*Raw data*
★ ★ ★ ★ ★ ★ ★
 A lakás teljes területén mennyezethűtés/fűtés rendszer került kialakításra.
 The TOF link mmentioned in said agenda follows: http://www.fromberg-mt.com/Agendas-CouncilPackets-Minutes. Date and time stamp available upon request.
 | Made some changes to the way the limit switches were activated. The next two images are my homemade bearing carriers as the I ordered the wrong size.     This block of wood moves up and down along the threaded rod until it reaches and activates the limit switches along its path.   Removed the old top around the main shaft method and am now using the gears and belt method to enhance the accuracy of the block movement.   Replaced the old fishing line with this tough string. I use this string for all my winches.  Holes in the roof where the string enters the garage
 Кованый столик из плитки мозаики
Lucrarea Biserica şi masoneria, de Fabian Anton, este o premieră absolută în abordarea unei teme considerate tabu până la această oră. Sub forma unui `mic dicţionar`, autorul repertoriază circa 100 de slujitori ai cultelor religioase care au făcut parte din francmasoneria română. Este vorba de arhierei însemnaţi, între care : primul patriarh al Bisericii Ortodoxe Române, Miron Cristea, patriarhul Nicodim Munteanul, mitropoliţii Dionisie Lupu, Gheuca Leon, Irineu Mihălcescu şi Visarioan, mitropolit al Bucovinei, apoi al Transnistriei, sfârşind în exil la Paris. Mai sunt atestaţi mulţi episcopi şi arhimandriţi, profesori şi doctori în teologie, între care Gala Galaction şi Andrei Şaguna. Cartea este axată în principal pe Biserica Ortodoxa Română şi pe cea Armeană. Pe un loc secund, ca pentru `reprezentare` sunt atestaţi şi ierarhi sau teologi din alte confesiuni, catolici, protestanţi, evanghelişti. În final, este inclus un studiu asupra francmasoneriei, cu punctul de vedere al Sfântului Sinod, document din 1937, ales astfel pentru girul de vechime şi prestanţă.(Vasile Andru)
★ ★ ★ ★ ★ ★ ★
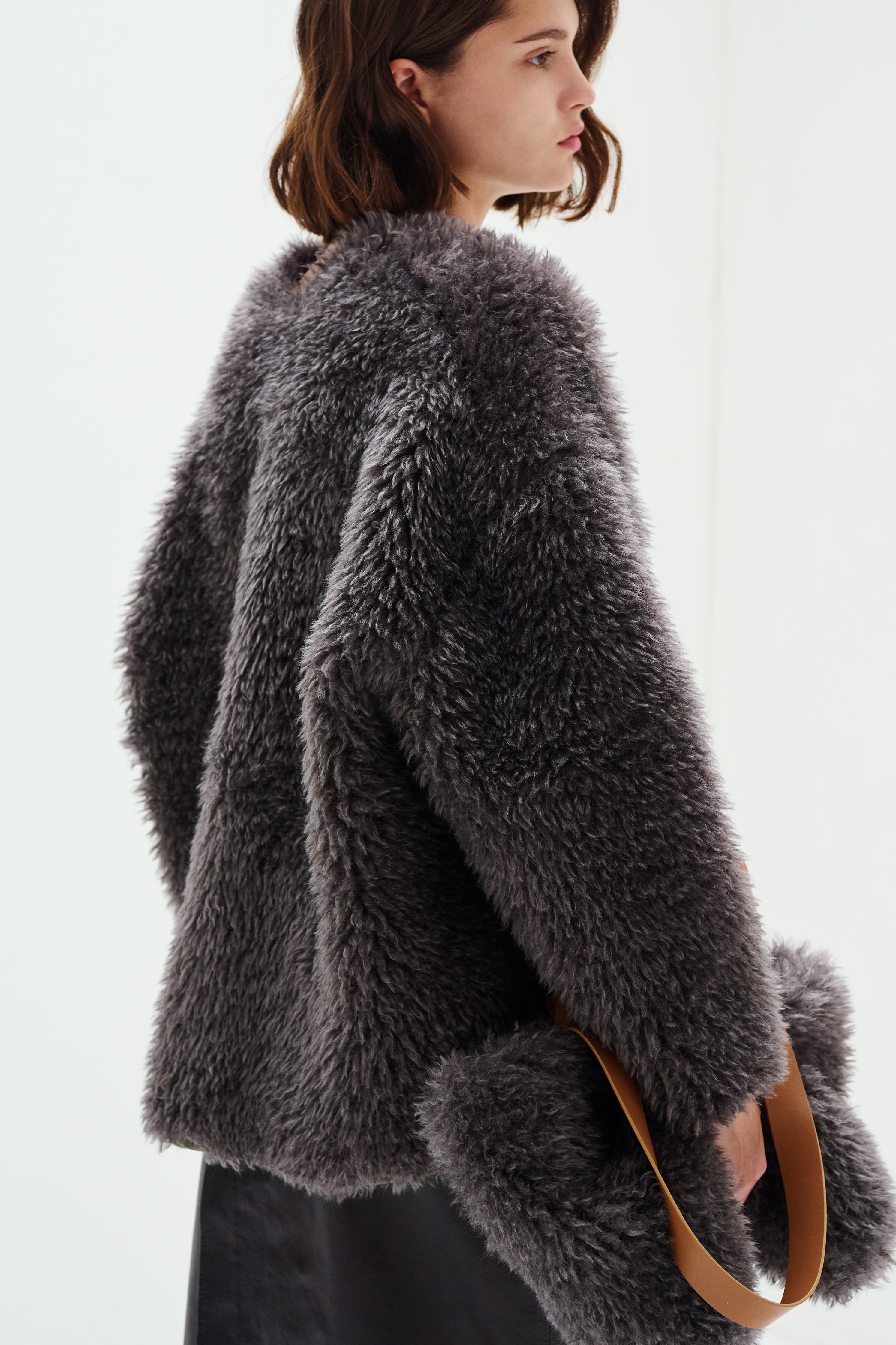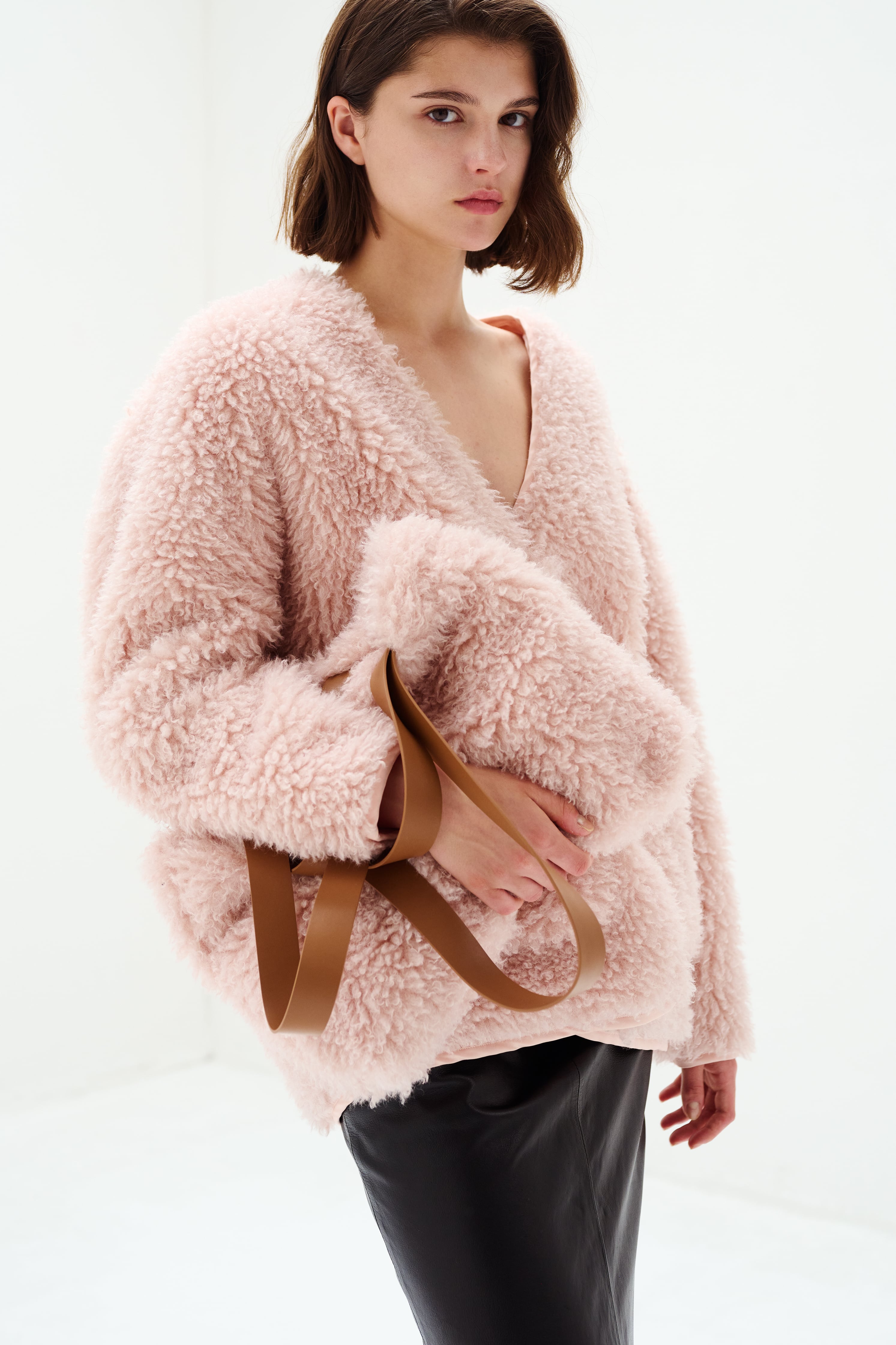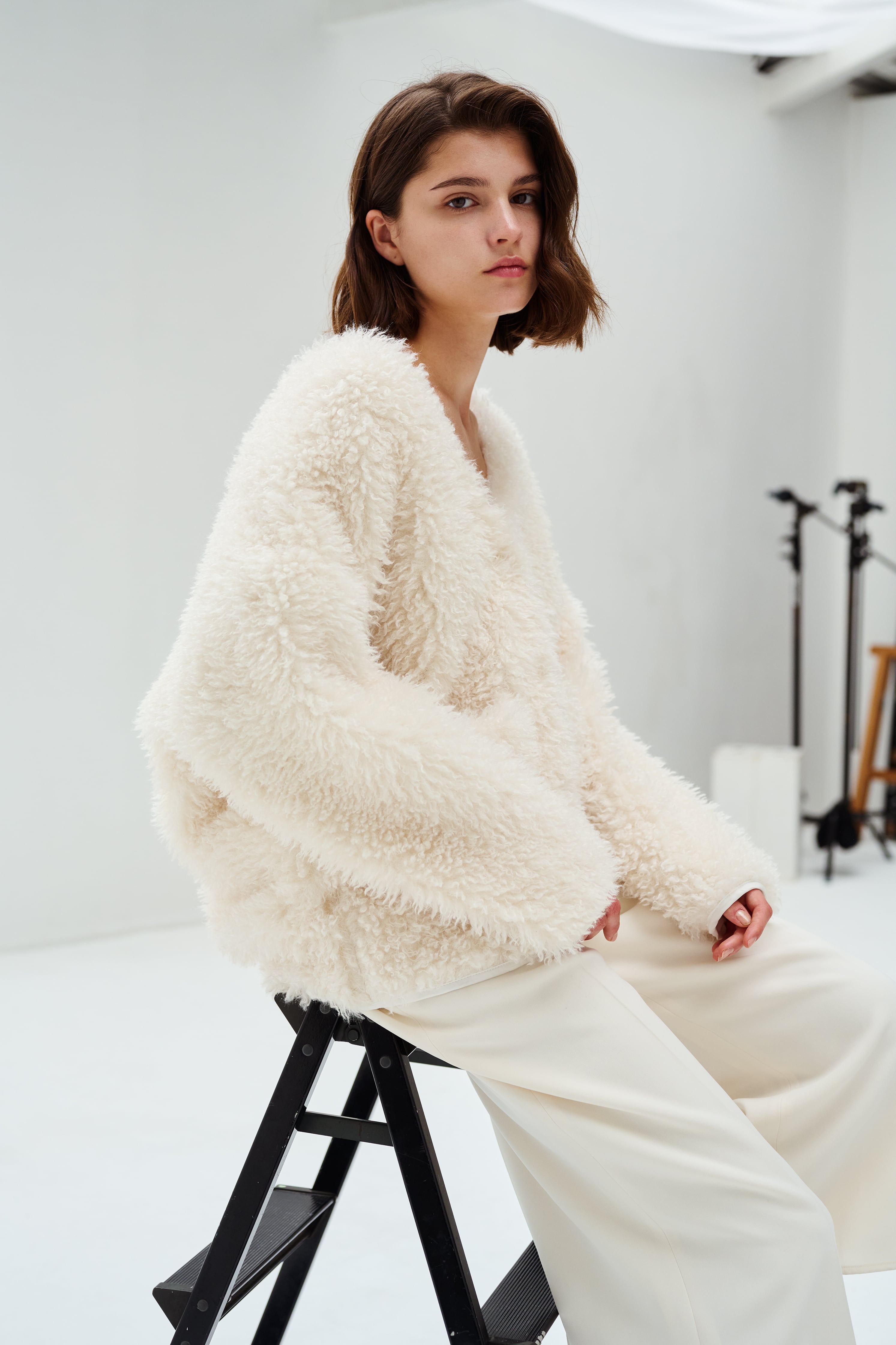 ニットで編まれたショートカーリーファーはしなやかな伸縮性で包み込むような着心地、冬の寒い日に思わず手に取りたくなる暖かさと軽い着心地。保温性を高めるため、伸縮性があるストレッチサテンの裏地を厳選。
★ ★ ★ ★ ★ ★ ★
*What you will do*
Copy the entries above exactly, but only from the line holding "A lakás teljes" through the line holding "Lucrarea Biserica şi", both included.

*Solved exercise*
 A lakás teljes területén mennyezethűtés/fűtés rendszer került kialakításra.
 The TOF link mmentioned in said agenda follows: http://www.fromberg-mt.com/Agendas-CouncilPackets-Minutes. Date and time stamp available upon request.
 | Made some changes to the way the limit switches were activated. The next two images are my homemade bearing carriers as the I ordered the wrong size.     This block of wood moves up and down along the threaded rod until it reaches and activates the limit switches along its path.   Removed the old top around the main shaft method and am now using the gears and belt method to enhance the accuracy of the block movement.   Replaced the old fishing line with this tough string. I use this string for all my winches.  Holes in the roof where the string enters the garage
 Кованый столик из плитки мозаики
Lucrarea Biserica şi masoneria, de Fabian Anton, este o premieră absolută în abordarea unei teme considerate tabu până la această oră. Sub forma unui `mic dicţionar`, autorul repertoriază circa 100 de slujitori ai cultelor religioase care au făcut parte din francmasoneria română. Este vorba de arhierei însemnaţi, între care : primul patriarh al Bisericii Ortodoxe Române, Miron Cristea, patriarhul Nicodim Munteanul, mitropoliţii Dionisie Lupu, Gheuca Leon, Irineu Mihălcescu şi Visarioan, mitropolit al Bucovinei, apoi al Transnistriei, sfârşind în exil la Paris. Mai sunt atestaţi mulţi episcopi şi arhimandriţi, profesori şi doctori în teologie, între care Gala Galaction şi Andrei Şaguna. Cartea este axată în principal pe Biserica Ortodoxa Română şi pe cea Armeană. Pe un loc secund, ca pentru `reprezentare` sunt atestaţi şi ierarhi sau teologi din alte confesiuni, catolici, protestanţi, evanghelişti. În final, este inclus un studiu asupra francmasoneriei, cu punctul de vedere al Sfântului Sinod, document din 1937, ales astfel pentru girul de vechime şi prestanţă.(Vasile Andru)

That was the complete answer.